Arguments that cite the ensuing market panic and erosion of confidence that erupted after Lehman’s failure are near-sighted and fail to appreciate the larger picture motivating policy makers’ decision. Regulators’ decision not to rescue the then fourth largest investment bank, an institution assumed “too big to fail,” dispensed a necessary wake-up call to deluded and unruly Wall Street firms, which had been lulled into a costly false sense of security. The question of whether regulators did the right thing in allowing Lehman to fail cannot be studied in a vacuum; it must be considered alongside the more consequential question of whether regulators made the right decision in saving Bear Stearns. In 2007, the Fed’s extension of a $29 billion loan to Bear Stearns rewrote the tacit rules that had governed the political and fiscal landscape for centuries, substantiating the notion that institutions could be “too big or too interconnected to fail.” The comforting assumption that regulators would intervene to save every systemically important institution from failure was a turning point in the crisis, “setting the stage for [the financial carnage] that followed” (34). After the Bear Stearns intervention, regulators faced a formidable and insuperable enemy: the inexorable march of time. It would be an unsustainable situation for the government to continue bailing out every ailing financial firm.
“These officials would have eventually had to say ‘no’ to someone, sometime. The Corps of Financial Engineers drew the line at Lehman. They might have been able to let the process run a few weeks more and let the bill get bigger, but ultimately, they would have had to stop.

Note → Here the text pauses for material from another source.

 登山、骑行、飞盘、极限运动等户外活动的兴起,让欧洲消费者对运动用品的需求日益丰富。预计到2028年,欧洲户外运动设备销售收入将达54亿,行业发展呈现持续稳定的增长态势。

And when they did expectations would be dashed and markets would adjust. If Lehman had been saved, someone else would have been allowed to fail. The only consequence would be the date when we commemorate the anniversary of the crisis, not that the crisis would have been forever averted.” (35).

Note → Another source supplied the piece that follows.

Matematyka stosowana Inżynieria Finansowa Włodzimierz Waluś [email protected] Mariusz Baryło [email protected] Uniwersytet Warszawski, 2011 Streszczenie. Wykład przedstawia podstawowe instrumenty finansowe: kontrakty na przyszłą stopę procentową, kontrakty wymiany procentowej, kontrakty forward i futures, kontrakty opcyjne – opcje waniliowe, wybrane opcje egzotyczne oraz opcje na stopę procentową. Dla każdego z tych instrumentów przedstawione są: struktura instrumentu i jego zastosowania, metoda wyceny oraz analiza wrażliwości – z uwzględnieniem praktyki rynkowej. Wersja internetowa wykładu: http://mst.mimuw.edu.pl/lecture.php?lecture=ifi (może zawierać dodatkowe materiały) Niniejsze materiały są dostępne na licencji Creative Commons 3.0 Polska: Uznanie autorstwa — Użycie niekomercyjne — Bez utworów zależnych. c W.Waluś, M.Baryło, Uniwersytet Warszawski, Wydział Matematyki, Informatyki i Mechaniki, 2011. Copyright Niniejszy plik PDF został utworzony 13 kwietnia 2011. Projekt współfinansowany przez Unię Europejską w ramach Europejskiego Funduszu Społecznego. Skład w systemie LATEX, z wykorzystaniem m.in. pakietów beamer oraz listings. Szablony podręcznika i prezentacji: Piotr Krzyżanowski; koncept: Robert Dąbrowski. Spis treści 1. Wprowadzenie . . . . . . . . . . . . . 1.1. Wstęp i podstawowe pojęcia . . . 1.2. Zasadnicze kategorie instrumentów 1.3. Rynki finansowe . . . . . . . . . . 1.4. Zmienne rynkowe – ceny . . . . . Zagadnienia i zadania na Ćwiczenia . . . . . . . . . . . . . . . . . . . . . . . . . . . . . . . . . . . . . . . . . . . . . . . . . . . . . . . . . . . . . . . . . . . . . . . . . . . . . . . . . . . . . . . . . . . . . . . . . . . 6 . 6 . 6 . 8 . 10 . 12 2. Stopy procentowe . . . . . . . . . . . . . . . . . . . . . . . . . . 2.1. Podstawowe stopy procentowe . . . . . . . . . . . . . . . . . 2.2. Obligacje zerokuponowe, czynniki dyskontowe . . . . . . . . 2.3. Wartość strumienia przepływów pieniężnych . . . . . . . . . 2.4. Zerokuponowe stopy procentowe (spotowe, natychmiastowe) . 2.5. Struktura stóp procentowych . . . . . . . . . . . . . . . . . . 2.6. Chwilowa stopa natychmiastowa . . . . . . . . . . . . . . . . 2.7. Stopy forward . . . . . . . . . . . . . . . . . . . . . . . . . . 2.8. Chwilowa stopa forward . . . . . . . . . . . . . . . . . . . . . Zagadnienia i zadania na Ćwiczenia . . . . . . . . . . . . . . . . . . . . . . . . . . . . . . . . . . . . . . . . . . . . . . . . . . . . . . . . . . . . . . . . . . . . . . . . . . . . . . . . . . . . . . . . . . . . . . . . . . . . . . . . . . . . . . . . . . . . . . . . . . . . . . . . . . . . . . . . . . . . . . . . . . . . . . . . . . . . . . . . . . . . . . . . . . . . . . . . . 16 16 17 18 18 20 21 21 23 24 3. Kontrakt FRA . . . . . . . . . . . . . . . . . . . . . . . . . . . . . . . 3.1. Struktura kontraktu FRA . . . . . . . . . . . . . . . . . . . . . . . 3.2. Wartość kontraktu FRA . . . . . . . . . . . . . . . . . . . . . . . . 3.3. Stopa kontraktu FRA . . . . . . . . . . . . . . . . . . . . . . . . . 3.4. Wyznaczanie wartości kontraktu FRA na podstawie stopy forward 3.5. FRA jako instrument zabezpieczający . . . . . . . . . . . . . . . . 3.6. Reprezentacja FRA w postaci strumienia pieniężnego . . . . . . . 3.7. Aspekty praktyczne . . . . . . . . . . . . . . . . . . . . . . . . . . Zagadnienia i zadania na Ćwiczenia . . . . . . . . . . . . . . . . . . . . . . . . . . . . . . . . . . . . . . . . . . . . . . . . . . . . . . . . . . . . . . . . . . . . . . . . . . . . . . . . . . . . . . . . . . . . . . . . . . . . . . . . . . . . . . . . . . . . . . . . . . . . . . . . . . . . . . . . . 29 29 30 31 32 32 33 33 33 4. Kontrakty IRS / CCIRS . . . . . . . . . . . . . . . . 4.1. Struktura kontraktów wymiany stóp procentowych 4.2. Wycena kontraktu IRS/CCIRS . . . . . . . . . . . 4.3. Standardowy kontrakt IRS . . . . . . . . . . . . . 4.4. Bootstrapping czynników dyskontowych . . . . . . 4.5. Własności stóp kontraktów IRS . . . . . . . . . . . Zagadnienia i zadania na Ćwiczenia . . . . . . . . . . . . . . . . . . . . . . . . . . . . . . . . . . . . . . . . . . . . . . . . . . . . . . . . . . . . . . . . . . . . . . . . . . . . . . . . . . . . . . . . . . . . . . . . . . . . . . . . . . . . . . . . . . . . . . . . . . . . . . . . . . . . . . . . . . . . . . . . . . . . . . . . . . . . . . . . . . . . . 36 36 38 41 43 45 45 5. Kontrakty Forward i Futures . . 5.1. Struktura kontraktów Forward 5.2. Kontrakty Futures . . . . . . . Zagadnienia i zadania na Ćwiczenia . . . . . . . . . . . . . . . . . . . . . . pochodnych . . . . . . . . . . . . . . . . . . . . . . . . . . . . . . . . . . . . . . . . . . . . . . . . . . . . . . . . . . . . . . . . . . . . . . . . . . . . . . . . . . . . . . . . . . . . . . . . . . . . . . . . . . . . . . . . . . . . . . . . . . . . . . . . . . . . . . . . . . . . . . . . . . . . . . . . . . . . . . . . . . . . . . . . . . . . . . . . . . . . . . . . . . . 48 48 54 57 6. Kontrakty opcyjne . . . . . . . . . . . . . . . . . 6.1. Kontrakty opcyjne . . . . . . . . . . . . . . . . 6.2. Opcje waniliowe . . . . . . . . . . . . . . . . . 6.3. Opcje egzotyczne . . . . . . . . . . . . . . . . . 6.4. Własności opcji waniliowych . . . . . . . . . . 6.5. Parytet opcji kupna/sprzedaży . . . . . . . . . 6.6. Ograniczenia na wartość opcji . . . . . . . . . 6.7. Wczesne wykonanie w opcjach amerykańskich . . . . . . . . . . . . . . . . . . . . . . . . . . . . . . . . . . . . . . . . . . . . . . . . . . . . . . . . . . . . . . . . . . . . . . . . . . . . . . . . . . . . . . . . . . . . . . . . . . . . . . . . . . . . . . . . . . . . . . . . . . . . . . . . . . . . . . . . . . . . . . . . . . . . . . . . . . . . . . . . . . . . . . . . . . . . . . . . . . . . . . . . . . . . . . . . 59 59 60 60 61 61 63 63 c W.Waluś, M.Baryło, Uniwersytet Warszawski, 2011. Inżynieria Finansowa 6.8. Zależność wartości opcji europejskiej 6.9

The Lehman decision corrected the costly market expectations created by Bear Stearns’ rescue and restored efficiency and discipline to markets. Throughout the crisis, policymakers, unable to completely avoid damage, were forced to decide which parties would bear losses. Lehman’s demise was a reincarnation and emblem of their past decisions–their precedent of taxpayer burden had further encouraged Wall Street’s excessive leverage and reckless behavior (36). Saving Lehman would have simply hammered these skewed incentives further into markets, putting the long-term stability and structure of capitalist markets at risk. Taxpayers would have been forced to foot a bill regardless of the Fed’s final decision: if not directly through a bailout, then indirectly through layoffs and economic turmoil (37). Instead of saddling taxpayers with the lingering threat of a large bill in the future, the Fed made the prudent and far-sighted decision to hand them a smaller bill today. The Fed heeded the wisdom of the age-old adage, “better the devil you know than the devil you don’t.” Put simply, the economic “calculus” of policymakers was correct. While rescuing Lehman may have seemed tantalizing at the time, the long-term costs would have been far more consequential than the short-term benefits (38). Political connotations often accompany this argument, evocative of what some have christened the Fed’s “painful yet necessary lesson on moral hazard;” however, partisan beliefs are extraneous to the simple, economic facts of the matter. From a fiscal perspective, policymakers made the right choice to let Lehman fail by shrewdly choosing long-term economic order over short-term benefits.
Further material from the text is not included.